What We Can Learn About Bear Safety from Western Parks

By Sona Mason, West Hudson Program Coordinator

Black Bear-Jitze Couperus-Flickr.com

Our behavior affects bear behavior. A fed bear, more often than not, is a dead bear. (Photo credit: Jitze Couperus/Flickr.com)

Backpacking in the Western States is quite an eye-opening experience when it comes to the topic of bears. Here in the East, we’re almost apologetic to the public about nuisance bears—entire parks are closed and bears are euthanized out of an “overabundance of safety.” But out West, when a problem bear has to be put down, it’s the public’s fault.

Signage on Western kiosks, maps, visitor centers, and almost any sign related to trails and park boundaries makes it unequivocally clear that bothering humans for food is a learned behavior, one taught to bears by humans who dispose of high-calorie morsels alongside campsites or trails instead of trekking their waste out, or–god forbid–by tempting bears closer with food. Whether this is out of a misplaced need for excitement or “bear selfies” or both, our poor behavior on the trails is detrimental to these animals.

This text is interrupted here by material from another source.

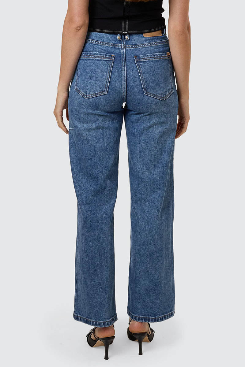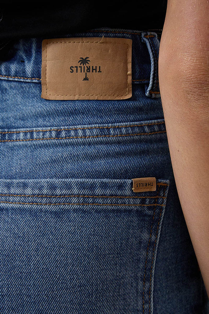 Upgrade your denim game with the Holly Stretch Jean in Stoned Blues. Designed with a flattering high-rise waist and subtle flare, these relaxed-fit pants hug through the hips before opening into a soft, wide leg. Made from premium cotton denim with a touch of stretch, these Thrills pants are comfy, structured, and ready for everyday wear. Finished in a classic vintage wash with a 5-pocket styling, they're your new go-to cotton casual pants. From the office to the streets, this go-to piece from our spring Australian women's clothing selection can handle it all.

Our human scent is all over the food and garbage we leave out or throw away, and since animals operate in a world of smell, the association is a no-brainer for calorie-hunters such as bears: humans = food source. Here in the East, with development continually encroaching into wild habitat, thus removing more of these animals’ natural food sources, it would seem inevitable that bears would come sniffing around our garbage cans, which represent a veritable supermarket of deliciousness that would never occur naturally in the forest. It is therefore even more imperative that homeowners adjacent to woodlands lock up their garbage securely. So, too, when hikers and other human forest users bring food into the woods: Pack a plastic or paper bag, and carry out your trash. Wild animals learn to spend their energy elsewhere when unsuccessful at raiding trash–or campsites.

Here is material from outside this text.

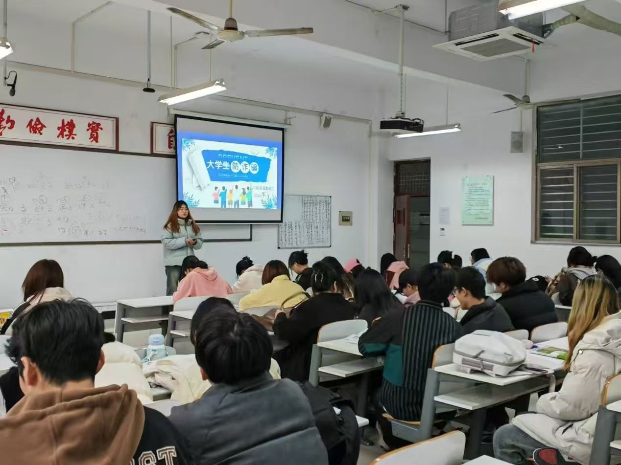 活动多环节有序开展:团支书携手心理委员依托PPT,结合高校高发诈骗案例剖析作案手法,拆解诈骗分子针对员工心理设下的套路;随后通过“知识竞赛+情景模拟”形式开展互动,以抢答环节考察反诈知识、借角色扮演还原骗局并研讨应对方案;活动特邀辖区派出所民警线上分享,民警传授“三不一多”反诈原则,针对跨境诈骗场景进行专项提示,并细致解答同学各类疑问。

Perhaps our signage needs to be more visible and compelling, placing the blame for nuisance bears squarely on the shoulders of the general public. It worked for me when backpacking in the West recently. The internal discomfort generated by signs that placed responsibility for a wild creature’s needless death compelled me, even when tired, to do the responsible thing and not leave delicious-smelling wrappers, cores, leftovers, and even toothpaste out in the woods to “decompose naturally.” Perhaps we should guilt ourselves on this coast, too.

About Trail Walker

Since 1920, the New York-New Jersey Trail Conference has partnered with parks to create, protect, and promote a network of more than 2,100 miles of public trails in the New York-New Jersey metropolitan region. The Trail Conference organizes volunteer service projects that keep these trails open, safe, and enjoyable for the public. We publish maps and books that guide public use of these trails. The Trail Conference is a volunteer-driven nonprofit organization with a membership of 10,000 individuals and 100 clubs with a combined membership of 100,000 active, outdoor-loving people.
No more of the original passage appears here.